Laying pipe?
May 8, 2011 4:59 PM   Subscribe

I just got on a waiting list for apprenticeships in a local trade union. Should I be celebrating?

So I just got out of school in Toronto with a Gas Fitter ticket and a diploma as an HVAC technician. I had to go back to school at age forty when my previous career as a field service technician went kaput. HVAC seemed like a pretty safe choice, although I have had difficulty landing a job thus far.

I learned through one company that the Plumbing and Steamfitters' union was accepting applicants for apprenticeships. My instructors strongly encouraged me to apply, especially as they were taking on 50-80 apprentices. I applied as a Steamfitter as it was more closely related to HVAC, in particular the heating component of the industry.

So I did the application, then made it to the aptitude test, and then a final interview. Last week I finally got a letter saying I had made the intake list, but due to changes in the economic forecast they have decided not to take on apprentices for the time being. The union reps won't tell me where I am on the list, or how many made the list.

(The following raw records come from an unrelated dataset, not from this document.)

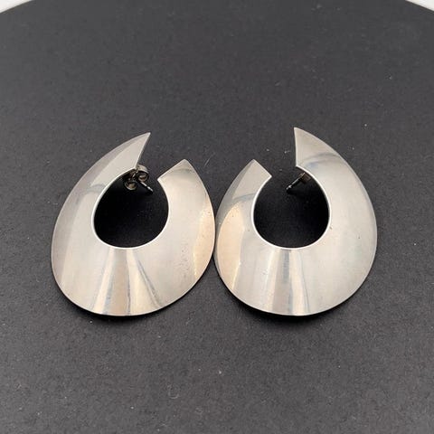 Georg Jensen Sterling Sølv Øreringe (Månesten) Måler 2.8 cm (1.10 inch) Samlet vægt 5.82 gr (0.2 oz)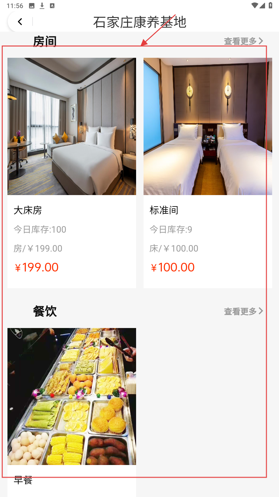 2、进入石家庄康养基地,浏览房间(如大床房)、餐饮等信息,了解服务。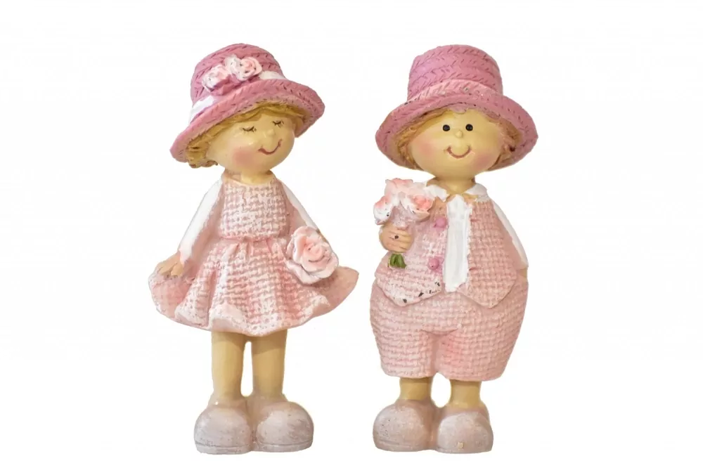133401 015 CAP-8-01881-21 figurka Dekorační figurky holčička a chlapeček s květinou. Materiál: polyresin Rozměry: výška 9 cm šířka 3,5 cm hloubka 3 cm celý popis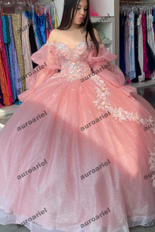 Shiny Pink Long Sleeve Quinceanera Dress Ball Gown Applique Beaded Sequins Corset Sweet 16 Vestido De 15 Anos
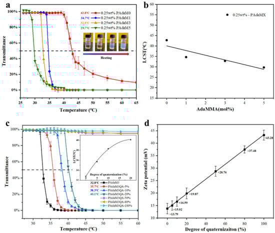 (a) The transmittance of 0.25 wt% PAdaMX solution; (b) the effect of AdaMMA addition on LCST of PAdaMX solution; (c) the transmittance of PAdaM3QA−X solution; (d) the zeta potential of PAdaM3QA−X solution with different degrees of quaternization.

On the one hand, I showed the letter to a plumbing student who was a member of the same local, and he said that I was basically in, and that my prospects were very good given my having a Gas Fitter ticket in addition to having made it through the application process. On the other hand, I talked to the company who told me about the union in the first place, and I was told that the industry locally was in a severe state of flux due to the economy and increased competition from non-union companies. Though he did not say so directly, my understanding from the manager at the company was "don't get your hopes up."

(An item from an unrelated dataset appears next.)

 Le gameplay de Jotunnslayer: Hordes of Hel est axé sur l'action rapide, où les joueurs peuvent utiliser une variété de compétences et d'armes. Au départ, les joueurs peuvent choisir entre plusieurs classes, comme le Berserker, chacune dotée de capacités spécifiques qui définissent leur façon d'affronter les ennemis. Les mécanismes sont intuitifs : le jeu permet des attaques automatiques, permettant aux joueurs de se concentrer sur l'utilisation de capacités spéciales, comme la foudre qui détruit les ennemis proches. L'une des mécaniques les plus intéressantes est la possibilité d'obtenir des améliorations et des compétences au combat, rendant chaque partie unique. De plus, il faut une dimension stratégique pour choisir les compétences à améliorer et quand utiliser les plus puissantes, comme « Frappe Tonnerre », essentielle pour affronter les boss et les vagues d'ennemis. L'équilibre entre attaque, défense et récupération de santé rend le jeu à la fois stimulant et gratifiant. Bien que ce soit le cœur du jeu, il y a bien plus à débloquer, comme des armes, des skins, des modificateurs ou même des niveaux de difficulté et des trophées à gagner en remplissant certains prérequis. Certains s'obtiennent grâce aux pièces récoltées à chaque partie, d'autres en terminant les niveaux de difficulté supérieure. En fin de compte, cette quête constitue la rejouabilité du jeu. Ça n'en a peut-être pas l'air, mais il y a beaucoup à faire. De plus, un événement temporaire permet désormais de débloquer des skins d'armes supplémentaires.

I can not get information on other union-member companies, as the union does not give that information out. I also can not get more info from the plumbing student, as the course he was in ended last Friday, and classes have adjourned for the next few weeks. Meanwhile I am still looking for work. I have enough in savings and part-time income to get me through the next few months, but I don't exactly thrive on economic uncertainty.

My main question is: what now? How much faith can I put in my getting a position in the union in the next few months? Also, if I do get a call to start an apprenticeship, is it worth putting whatever work I might land in the near future for this opportunity?

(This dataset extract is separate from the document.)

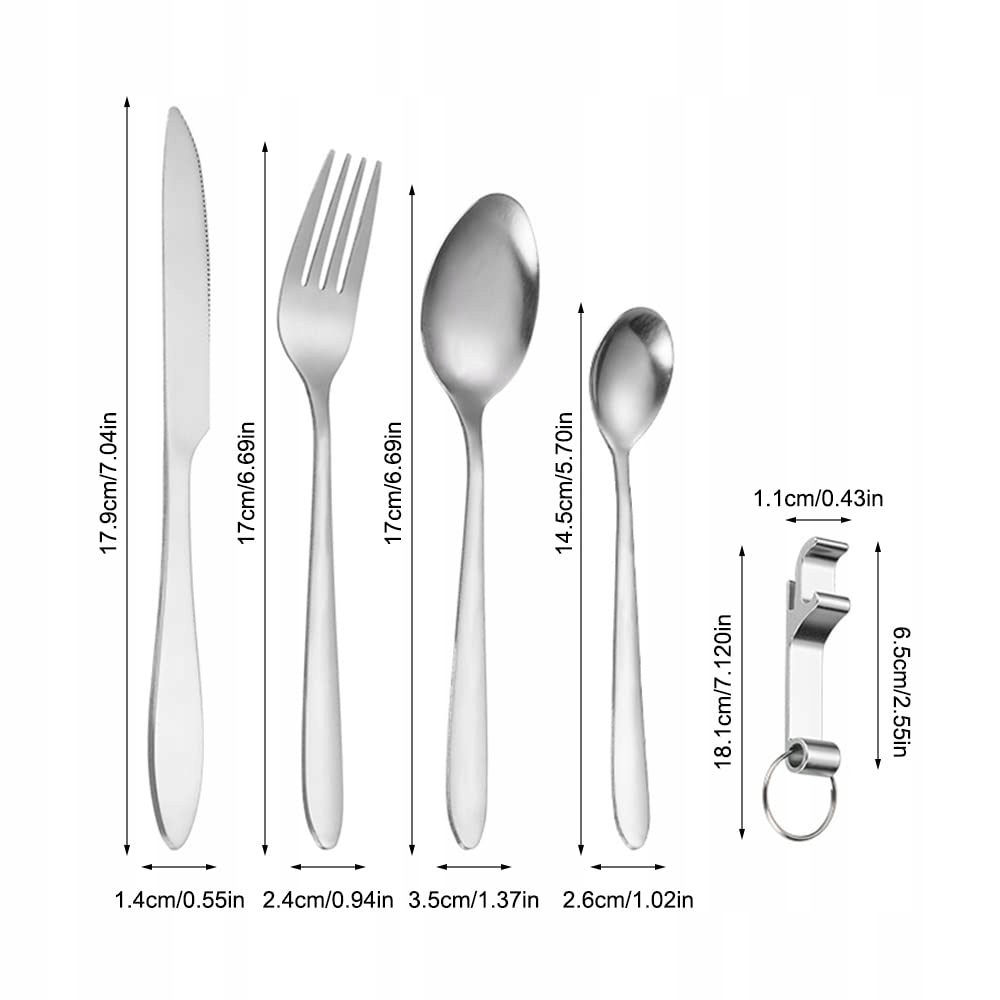 【5-częściowy zestaw sztućców kempingowych】 - Zestaw sztućców zawiera: łyżka - 170 mm x 35 mm, łyżeczka do herbaty - 145 mm x 26 mm, widelec - 170 mm x 24 mm, nóż - 179 mm x 14 mm, otwieracz do butelek 65 mm.

And on a side-note: what can I expect if I do get in the union? All of my work experiences have been commercially based, and I do not know anyone else who works in trade unions. Any advice? Any warnings?
posted by spoobnooble to Work & Money (2 answers total)
Well, this is all second hand story, but, two sides to the trade union issue in Toronto:

A friend of mine is doing her apprenticeship as an industrial electrician, and given the way the job lists work, she ends up working for varying amounts of time -- sometimes a few weeks, sometimes a few months -- and then she's unemployed again, sometimes for months and months at a time. It's been very unstable for her.

On the other hand, the condo building I just moved into was delayed for months and months because they simply could not get enough masons on site to do the brickwork.
posted by jacquilynne at 8:40 PM on May 8, 2011

Response by poster: Yeah, that's one of the points that gets lost about the trades: they're seasonal, and the work is not usually constant. HVAC work, for instance, is based around the start of the cooling and heating seasons, and layoffs between seasons are common. Steamfitting, like many of the construction-based trades, depends on how many projects are on the go at a given time. The lack of masons working on your condo, I would suspect, might be a case of too many simultaneous projects. And hiring more masons might be risky if the construction boom falls off.

One of my instructors has a friend with a son who was in my position four years ago: graduated in HVAC with a GII, applied to the Steamfitters union. I was told that he's now working in the trade pretty much year round. But talking to that rep from the one company, I'm wondering how much work there really is in the field right now. And it's hard doing research in the field when you can't track down the companies that hire from the union.

All I can do right now is continue my job search and see if I get a call back. For all I know this might be the end of the story.